# Data listing

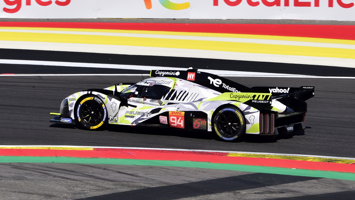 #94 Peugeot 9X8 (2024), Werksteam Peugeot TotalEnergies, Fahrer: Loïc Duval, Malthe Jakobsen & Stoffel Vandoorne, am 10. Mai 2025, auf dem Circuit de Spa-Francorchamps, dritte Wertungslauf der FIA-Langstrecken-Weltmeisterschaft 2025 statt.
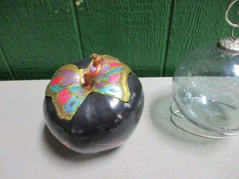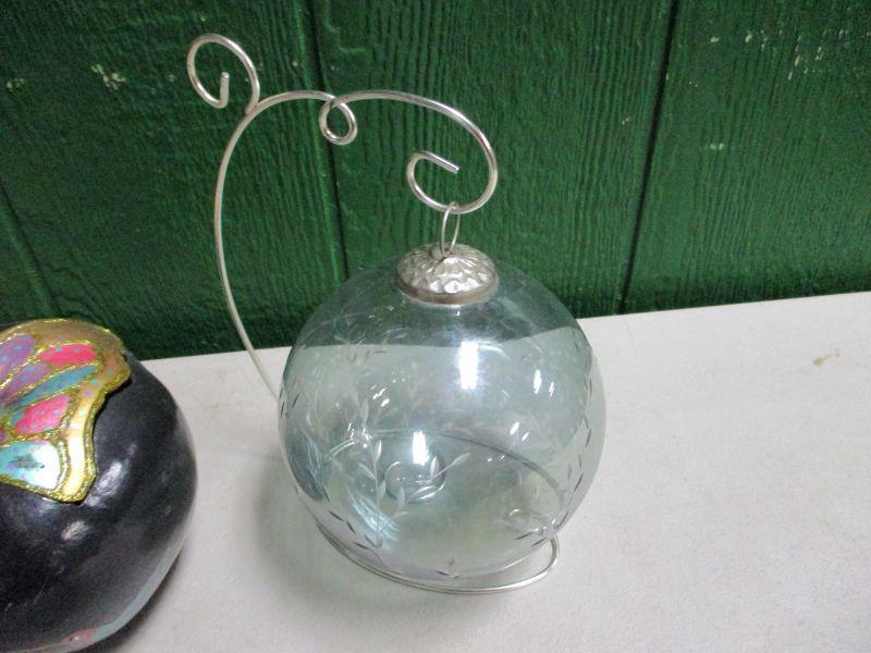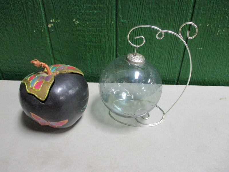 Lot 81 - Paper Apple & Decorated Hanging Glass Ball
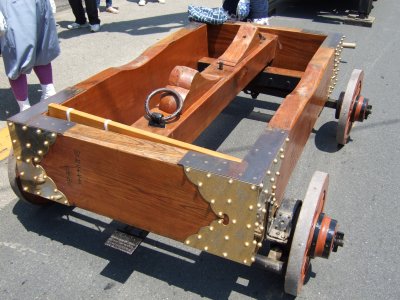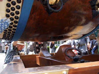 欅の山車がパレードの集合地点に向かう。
---
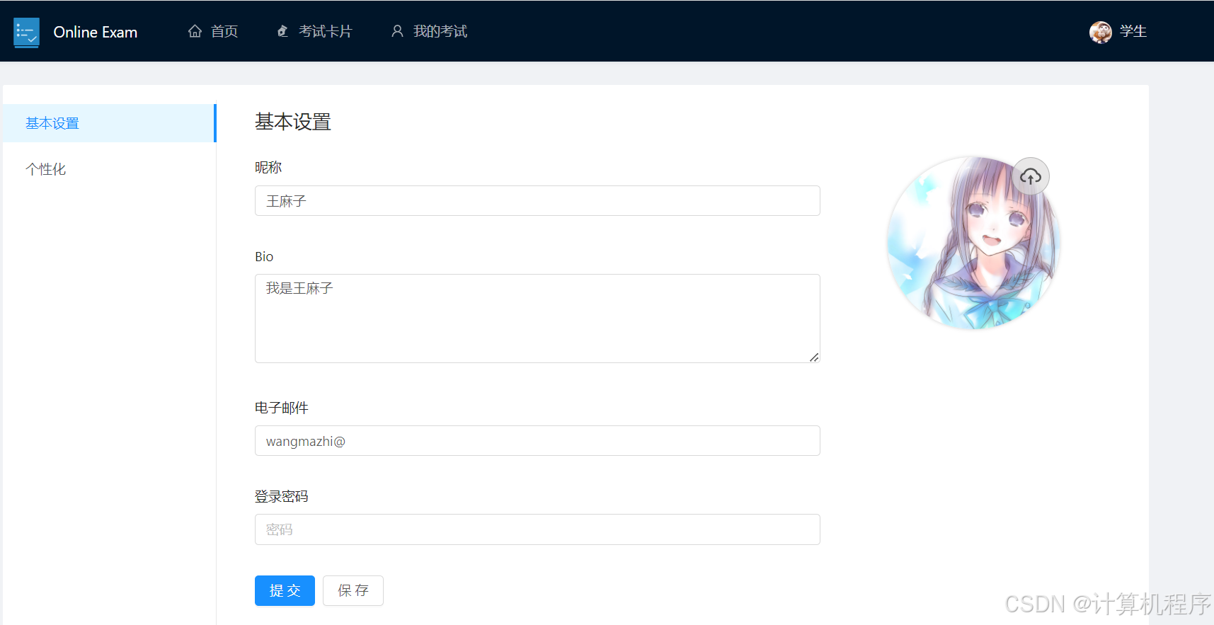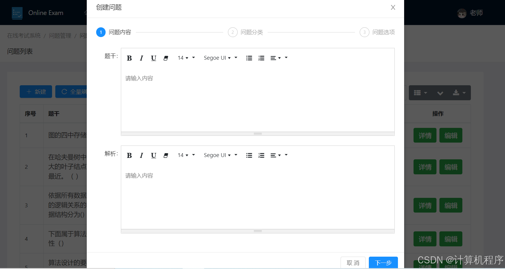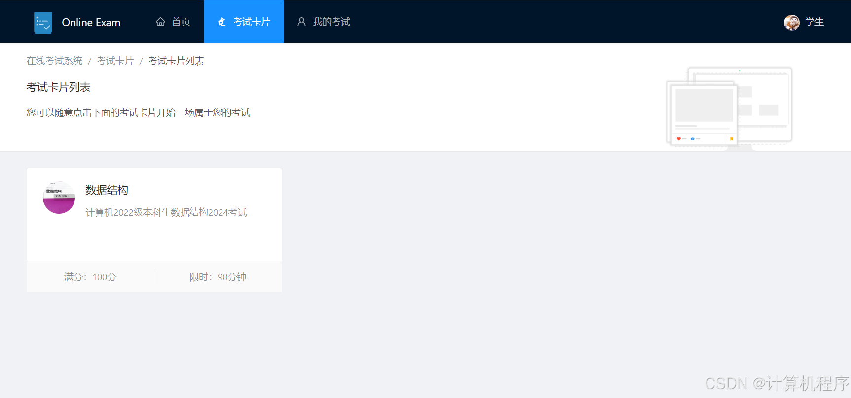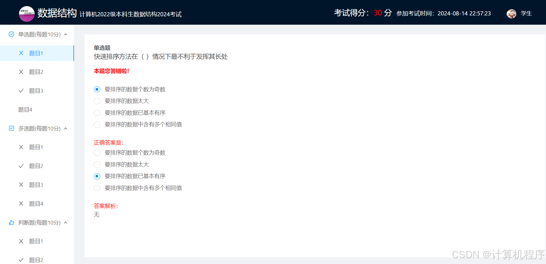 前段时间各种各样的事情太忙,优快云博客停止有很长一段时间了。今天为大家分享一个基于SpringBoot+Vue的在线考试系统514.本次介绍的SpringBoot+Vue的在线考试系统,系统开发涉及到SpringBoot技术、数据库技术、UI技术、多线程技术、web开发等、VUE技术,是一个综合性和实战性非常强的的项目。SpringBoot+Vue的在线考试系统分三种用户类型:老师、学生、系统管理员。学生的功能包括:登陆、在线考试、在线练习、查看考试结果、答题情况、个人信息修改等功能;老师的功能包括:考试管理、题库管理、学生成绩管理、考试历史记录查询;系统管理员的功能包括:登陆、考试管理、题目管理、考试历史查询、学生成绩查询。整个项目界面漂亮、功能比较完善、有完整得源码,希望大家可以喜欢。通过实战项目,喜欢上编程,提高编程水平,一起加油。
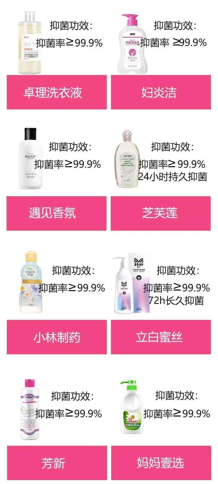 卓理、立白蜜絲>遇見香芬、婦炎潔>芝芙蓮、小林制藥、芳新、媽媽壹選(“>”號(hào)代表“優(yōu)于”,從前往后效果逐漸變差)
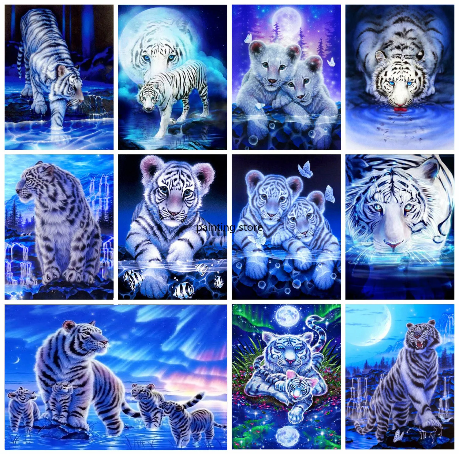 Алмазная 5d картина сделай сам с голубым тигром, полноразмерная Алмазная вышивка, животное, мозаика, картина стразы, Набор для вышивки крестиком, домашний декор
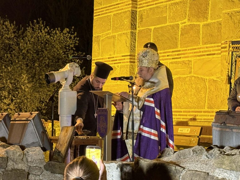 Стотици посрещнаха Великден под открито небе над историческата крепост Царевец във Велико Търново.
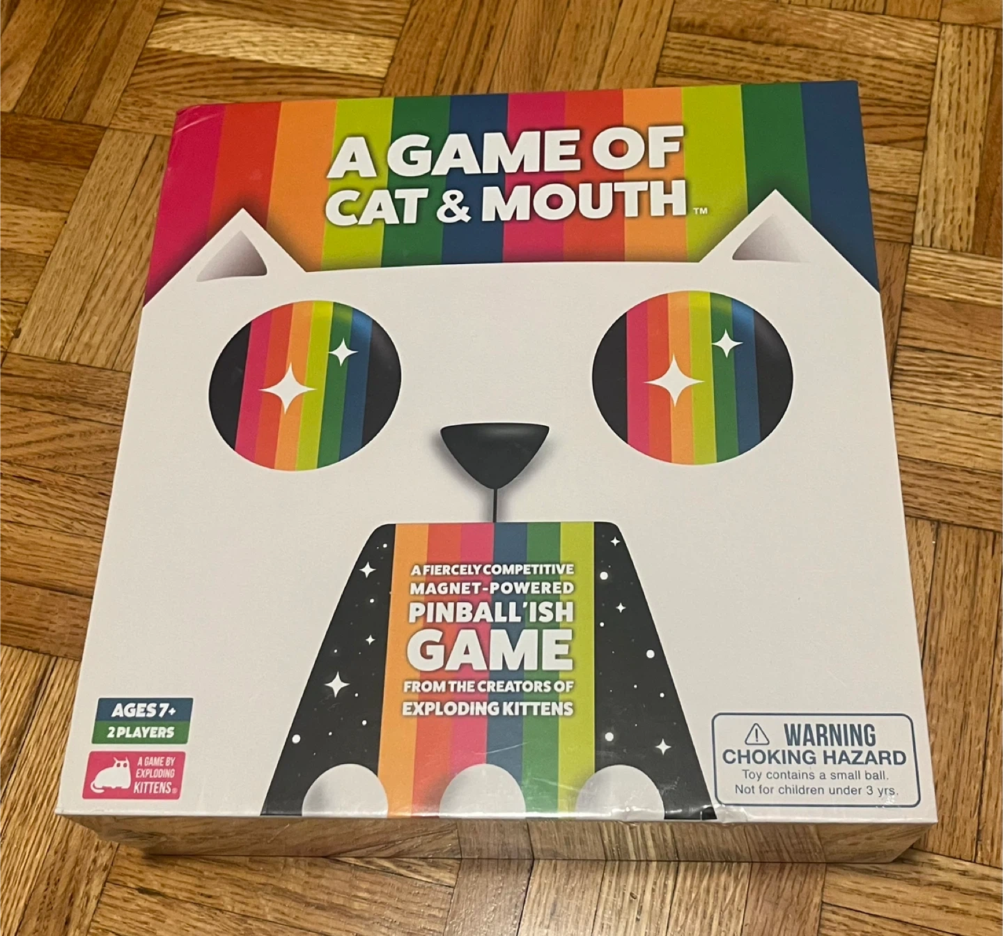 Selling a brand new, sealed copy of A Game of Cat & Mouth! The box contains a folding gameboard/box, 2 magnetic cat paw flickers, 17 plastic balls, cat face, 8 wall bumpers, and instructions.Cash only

# What you should do
Exact repeat of the material above: every line from the one with "卓理、立白蜜絲>遇見香芬、婦" through the one with "Стотици посрещнаха Великден", endpoints included, and nothing more. No pictures.

# Solution to the exercise
 卓理、立白蜜絲>遇見香芬、婦炎潔>芝芙蓮、小林制藥、芳新、媽媽壹選(“>”號(hào)代表“優(yōu)于”,從前往后效果逐漸變差)
 Алмазная 5d картина сделай сам с голубым тигром, полноразмерная Алмазная вышивка, животное, мозаика, картина стразы, Набор для вышивки крестиком, домашний декор
 Стотици посрещнаха Великден под открито небе над историческата крепост Царевец във Велико Търново.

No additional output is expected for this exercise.